Dimensions is a tradition with the lads from the CPS. Once a year we get together and lose ourselves in beach, bass and barrister banter all the way – with a little bit of illegal aid to keep the sesh going, obviously! At a boat party in 2014, I got a standing ovation for an epic butt-chugg during Calvin Harris and then got Max Hill to drink from it – what a sap!

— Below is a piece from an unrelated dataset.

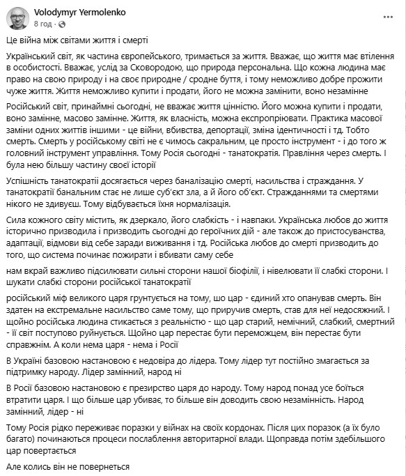 «Це війна між світами життя і смерті», - написав філософ Володимир Єрмоленко. Він пише, що українська любов до життя історично призводила до героїчних дій, а російська любов до смерті призводить до того, що система починає пожирати і вбивати саму себе.

Exit is all love: no pretensions, no hipsters, just 100% vibes, an unreal line-up of Class-A DJs – and plenty of nooks and crannies for the odd cheeky actus reus, if you catch my sniff? Laughing my ruddy glutes off! I go every year with the old boys from Reigate Grammar. Needless to say, Norman Cook is an absolute lunatic. But Cooper and Sullivan are no slackers, either. In 2014 the two ‘Prangy Andys’ thought Skrillex was using the bass frequencies to warn them a communist bouncer was after their stash – what a pair of sesh gremz!
King Keir’s Festival Tips
When you’ve been raving as long as me, you learn a thing or two about turning a good night into a legendary one. The most important thing to remember is: keep the festie vibes positive – strictly no Tory behaviour!
Pack a Mirror
You’ve got to be looking on-fleek and you do not want to be using those tiny mirrors in the portaloos – butters!
Bring a Battery Pack
My phone died at Hideout 2015 and I lost the Labour lot for the whole weekend. I ended up having to carry on with Davo Grameron’s squad… what a bunch of fucking boy scouts, honestly! Osborne passed out at 9pm on Friday and no-mates Gove talked shop all weekend. Twats!
Visit the Pharmacist
I mean the other pharmacist! Painkillers are essential, especially if you’ve been listening to Ian Murray chat shit all night. But above all, lads, you absolutely must get your hands on some viags in case you get lucky. In chambers we used to call it ‘lasting power of attorney’. Remember: pilly willy ain’t right or honourable!